Per imposta sulle successioni e sulle donazioni, che sarebbe necessaria per recuperare i fondi da investire nei giovani, si intende un’imposta sui vantaggi ricevuti che deve essere pagata da chi riceve un’eredità o un dono durante tutto l’arco della vita. La proposta del Forum prevede una soglia di esenzione di 500.000 euro (al di sotto della quale, quindi, non si pagherebbe nessuna imposta), un’aliquota del 5 per cento dai 500.000 euro a un milione, del 25 per cento fino a 5 milioni e del 50 per cento per le cifre superiori. “È un’imposta che è stata al cuore del pensiero liberale, per molti anni condivisa e attuata in molti paesi europei e non europei: pensiamo a Teddy Roosevelt che già nello scorso secolo la vedeva come un’importante imposta contro lo sfruttamento”, ricorda Elena Granaglia.

Nonostante sembri chiaro, quindi, che l’obiettivo principale non sia “tassare per tassare”, ma ridurre il regime di favore sulle risorse ereditate o ricevute in dono, e che quindi hanno poche giustificazioni di merito, c’è ancora chi la contesta fermamente. “In questo caso rispondiamo come John Stuart Mill quando si pose il problema nell’800, rispondendo che chi difende la tassa sulle successioni sa benissimo che i genitori hanno il diritto a lasciare qualcosa ai propri figli.
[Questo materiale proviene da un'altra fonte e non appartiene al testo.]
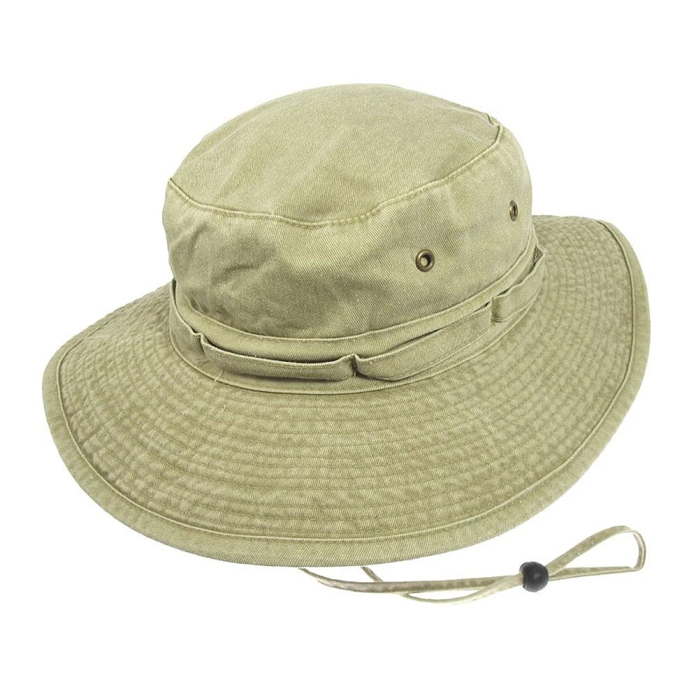Here is a 100% cotton boonie in khaki from Jaxon & James. The hat is great for everyday wear as well as for travelling. 100% washed cotton twill is soft yet durable. The 7cm wide stitched brim surrounds a 9cm high square crown. A pair of brass eyelets on each side of the crown provides ventilation under the hot sun. A self band provides spots for values or small outdoor tools. Adjustable chinstrap with toggle allows you to secure the hat onto your head.
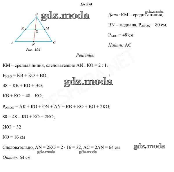 ОТВЕТ на задание № 109 Учебник по Геометрии 8 класс Казаков

Ma il problema qual è? Il problema è quando il diritto legittimo dei genitori di lasciare qualcosa ai propri figli cozza contro l’uguaglianza di opportunità per tutti. Quello che conta, dunque, è garantire al genitore di lasciare ai propri figli quanto è necessario per poter vivere una vita decente”.

Avere una misura universale che va a tutti, ricchi e poveri, ci sembra particolarmente utile.

Un’eredità universale, dunque, per tutti i giovani diciottenni, spendibile in modo non condizionato. Lo scopo della misura è infatti di accrescere la libertà dei giovani nel momento del passaggio all’età adulta: la libertà di avere un’istruzione non vincolata al luogo di vita dei genitori, di tentare con altri un progetto imprenditoriale, di conoscere il mondo imparando lingue e culture nell’unico modo possibile. “Questo tipo di proposta va contro il senso comune”, continua Granaglia, “perché noi pensiamo a un’eredità che va in modo incondizionato a tutti i giovani. Nel nostro Paese riecheggiano spesso le parole di Don Milani che ci diceva di non fare parti uguali tra i disuguali, e tanti ci hanno rimproverati di fare leva su una proposta che invece vuol dare a tutti la stessa somma, ma noi pensiamo che l’universalismo abbia anche dei vantaggi”. Nonostante i 15.000 euro, infatti, vadano a tutti i giovani, essendo finanziata sulla base della tassazione sull’eredità e altre imposte, l’effetto complessivo sarà redistributivo poiché il finanziamento è a carico delle persone che più hanno.

Mettere una soglia, inoltre, sarebbe stato difficile: “La selettività è inevitabilmente arbitraria perché se faccio un trasferimento selettivo ho sempre bisogno di una soglia che includa alcuni ed escluda altri. In più, in questo periodo, e in particolare nel nostro paese, le tendenze alla disgregazione sociale e alla messa in discussione della coesione sono abbastanza forti. Avere una misura universale che va a tutti, ricchi e poveri, ci sembra particolarmente utile”.

E a chi chiede perché abbiano scelto una proposta di reddito invece che di servizi, il Forum risponde che avere un po’ di ricchezza è anch’esso un elemento importante ai fini dell’uguaglianza di opportunità: non si è costretti a prendere il primo lavoro, ad esempio, ma si può aspettare di trovarne uno più consono alle proprie capacità. “Voler dare una misura incondizionata non vuole dire abbandonare i giovani al proprio destino”, conclude Elena Granaglia. “Noi sappiamo che ci sono ragazzi che hanno meno strumenti formativi per poter scegliere e quindi siamo assolutamente d’accordo nell’unire questa misura a strumenti di sostegno per come impiegare questi soldi. Alla fine, però, la scelta resta unicamente dei ragazzi”. Resta da vedere, quindi, cosa farebbe ognuno di loro con l’eredità universale ricevuta.